[Start of Attachment]

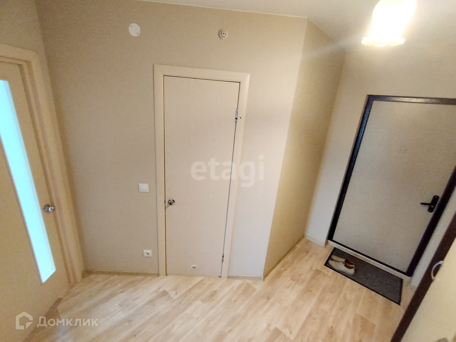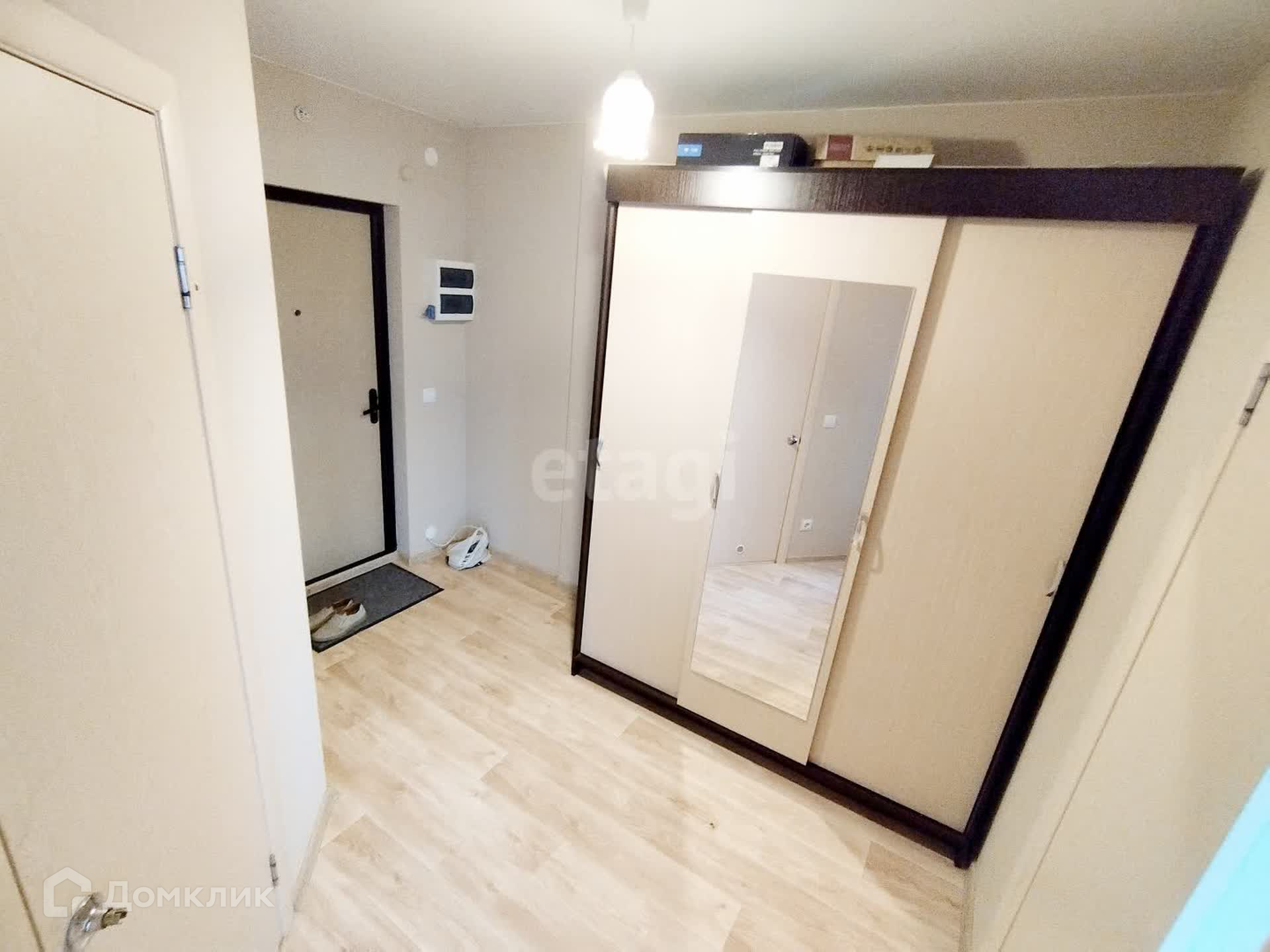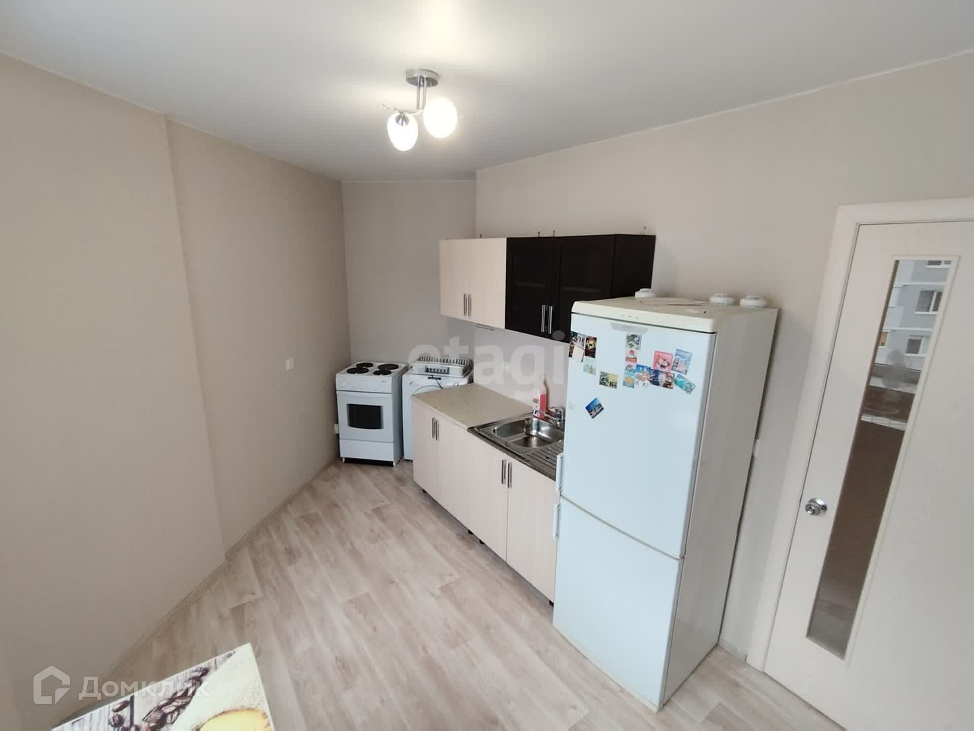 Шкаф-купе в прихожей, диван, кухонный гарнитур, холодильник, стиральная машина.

[End of Attachment]
[Start of Attachment]

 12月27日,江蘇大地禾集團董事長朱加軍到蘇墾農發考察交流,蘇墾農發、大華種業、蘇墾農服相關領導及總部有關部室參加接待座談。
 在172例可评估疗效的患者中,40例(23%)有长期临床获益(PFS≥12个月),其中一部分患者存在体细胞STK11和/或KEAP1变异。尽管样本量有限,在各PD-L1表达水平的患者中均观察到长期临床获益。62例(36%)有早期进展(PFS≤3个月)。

[End of Attachment]

Your instructions: All that should be written out is the stretch of lines above between the one holding "12月27日,江蘇大地禾集團" and the one holding "在172例可评估疗效的患者中", inclusive, exactly as given.

Exercise response:
 12月27日,江蘇大地禾集團董事長朱加軍到蘇墾農發考察交流,蘇墾農發、大華種業、蘇墾農服相關領導及總部有關部室參加接待座談。
 在172例可评估疗效的患者中,40例(23%)有长期临床获益(PFS≥12个月),其中一部分患者存在体细胞STK11和/或KEAP1变异。尽管样本量有限,在各PD-L1表达水平的患者中均观察到长期临床获益。62例(36%)有早期进展(PFS≤3个月)。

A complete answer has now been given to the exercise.